Anyone know? It doesn't appear any more. :sob: I enjoyed looking at her adventures/quilting every few days.

Limey


----------



## jesuisdiana (May 24, 2004)

I don't know - I came here today kinda looking for her too somewhere
Diana


----------



## AngieM2 (May 10, 2002)

I wonder if she and /or the webhost were effected by all the Eastern power outages. Now I'll be trying to find her, too.


----------



## AngieM2 (May 10, 2002)

she is not found on facebook anymore.
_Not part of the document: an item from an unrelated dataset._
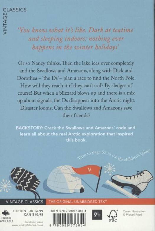 Then the lake ices over completely and the Swallows and Amazons, along with Dick and Dorothea - ‘the D’s’ - plan a race to find the North Pole. Can the Swallows and Amazons save their friends? BACKSTORY: Crack the Swallows and Amazons' code and learn all about the real Arctic exploration that inspired this book.

I had an old message and her name does not link to anything.


----------



## Karen (Apr 17, 2002)

Same here.


----------



## ErinP (Aug 23, 2007)

She hasn't posted _anything_ here since 6/22... :huh:


----------



## Terri in WV (May 10, 2002)

Hadn't she said something about retiring?


----------



## Tommyice (Dec 5, 2010)

ErinP said:


> She hasn't posted _anything_ here since 6/22... :huh:


That's about the last time she posted over at PatternReview too.


----------



## ginnie5 (Jul 15, 2003)

I follow her blog....she posted last there on 6/26. Her dh is going to New Orleans so maybe she is with him. She posted earlier that the place they will be staying doesn't have internet access. 
So hopefully all is well and she's just with her dh.


----------



## countrysunshine (Jul 3, 2008)

I have an email from her that she took her website down.


----------



## Karen (Apr 17, 2002)

I heard from her and she's fine. A lot of changes in her life and one of those changes is that she is breaking away from spending so much time on the internet. She took down her website and FB page. 

I sure admire her ability to do what she needs to do to free herself for other things. I'm not sure I could make the break from the internet without having serious withdrawal issues! LOL

I did tell her to check in with us from time-to-time to let us know how she is doing. I sure did love hearing about her new land and all the changes in her life. I'll miss her being around so much, to say nothing of her great quilting advice.


----------



## Ruby (May 10, 2002)

I did a search and she posted on general chat 3 days ago, on the thread Nothing To Eat.

I sure miss her in the sewing forum.


----------